* _What you are asked to do_
Would you reproduce each of the records below precisely, with the pictures left out?

Segment Open

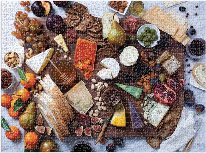 Prémiové puzzle 1000 dílků s motivem sýrového prkénka, matná úprava, 5 mini puzzle, FSC materiály. Krásný dárek a relax pro milovníky designu a gastronomie.
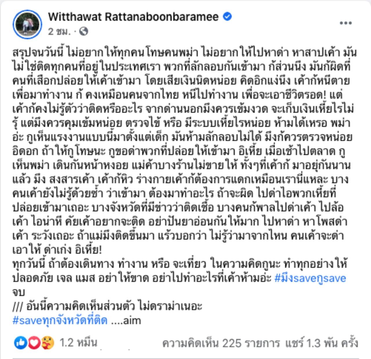 "สรุปจนวันนี้ ไม่อยากให้ทุกคนโทษคนพม่า ไม่อยากให้ไปหาด่า หาสาปเค้า มันไม่ใช่ติดทุกคนที่อยู่ในประเทศเรา พวกที่ลักลอบกันเข้ามา ก็ส่วนนึง มันก็ผิดที่คนที่เ_ือกปล่อยให้เค้าเข้ามา โดยเสียเงินนิดหน่อย คิดอีกแง่นึง เค้าก็หนีตายเพื่อมาทำงาน ก็ คงเหมือนคนจากไทย หนีไปทำงาน เพื่อจะเอาชีวิตรอด!
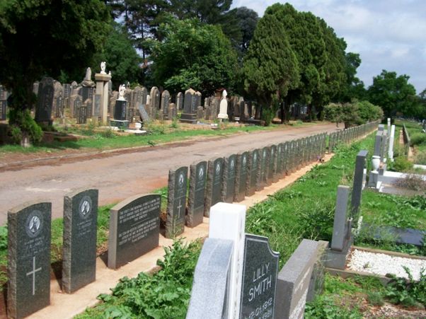 The cemetery is bisected by the road. The military graves are in the Northern (left) half of the cemetery. The office is in the Southern half. Follow the internal road for roughly 70 metres. The two rows of graves are on the right-hand side.
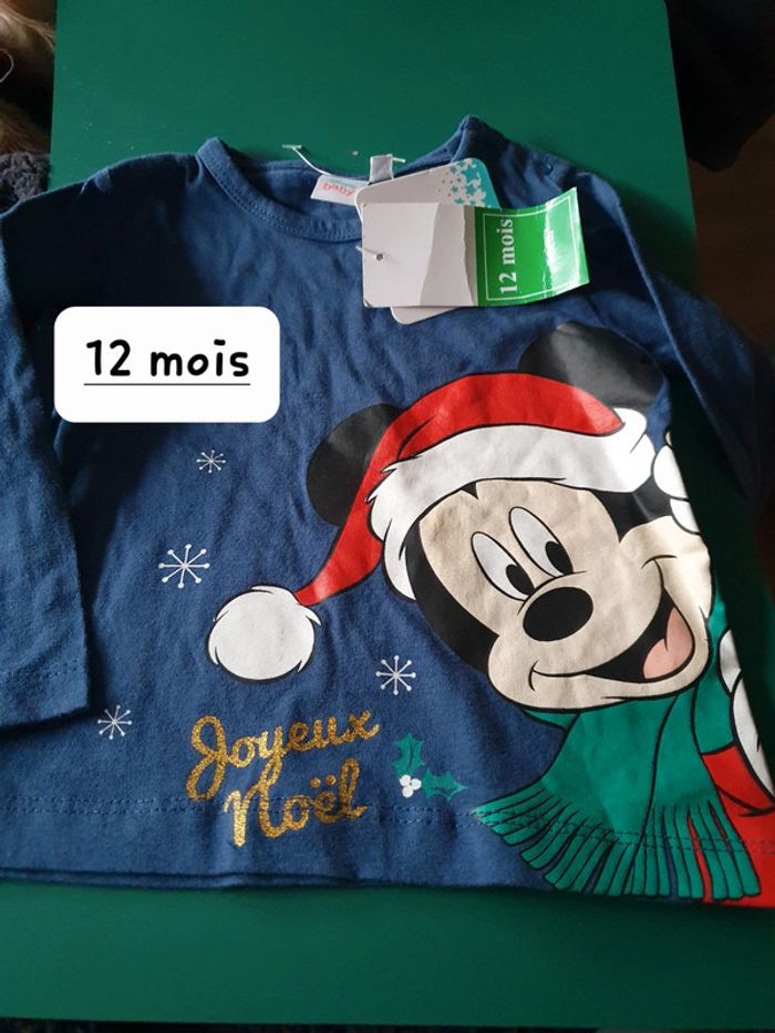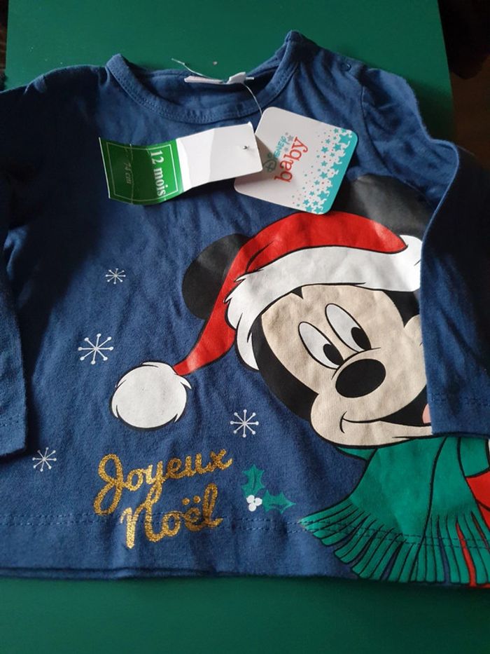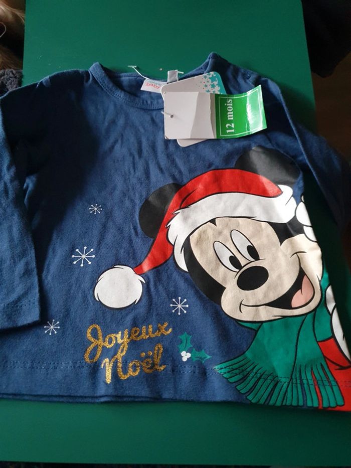 Neuf mickey Noël Tee shirt à manches longues 12 mois bleu
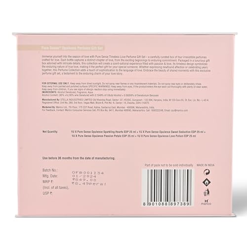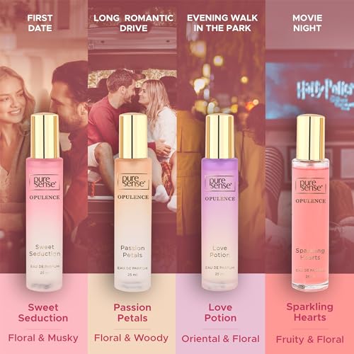 Pure Sense Opulence signature gift box contains four unisex, long-lasting perfumes – Sweet Seduction, Passion Petals, Love Potion, and Sparkling Hearts. This gift box is an ideal gift for a loved one or a perfect way to pamper yourself and your partner with unforgettable fragrances bound to turn heads.

Segment Closed

* _Output below_
 Prémiové puzzle 1000 dílků s motivem sýrového prkénka, matná úprava, 5 mini puzzle, FSC materiály. Krásný dárek a relax pro milovníky designu a gastronomie.
 "สรุปจนวันนี้ ไม่อยากให้ทุกคนโทษคนพม่า ไม่อยากให้ไปหาด่า หาสาปเค้า มันไม่ใช่ติดทุกคนที่อยู่ในประเทศเรา พวกที่ลักลอบกันเข้ามา ก็ส่วนนึง มันก็ผิดที่คนที่เ_ือกปล่อยให้เค้าเข้ามา โดยเสียเงินนิดหน่อย คิดอีกแง่นึง เค้าก็หนีตายเพื่อมาทำงาน ก็ คงเหมือนคนจากไทย หนีไปทำงาน เพื่อจะเอาชีวิตรอด!
 The cemetery is bisected by the road. The military graves are in the Northern (left) half of the cemetery. The office is in the Southern half. Follow the internal road for roughly 70 metres. The two rows of graves are on the right-hand side.
 Neuf mickey Noël Tee shirt à manches longues 12 mois bleu
 Pure Sense Opulence signature gift box contains four unisex, long-lasting perfumes – Sweet Seduction, Passion Petals, Love Potion, and Sparkling Hearts. This gift box is an ideal gift for a loved one or a perfect way to pamper yourself and your partner with unforgettable fragrances bound to turn heads.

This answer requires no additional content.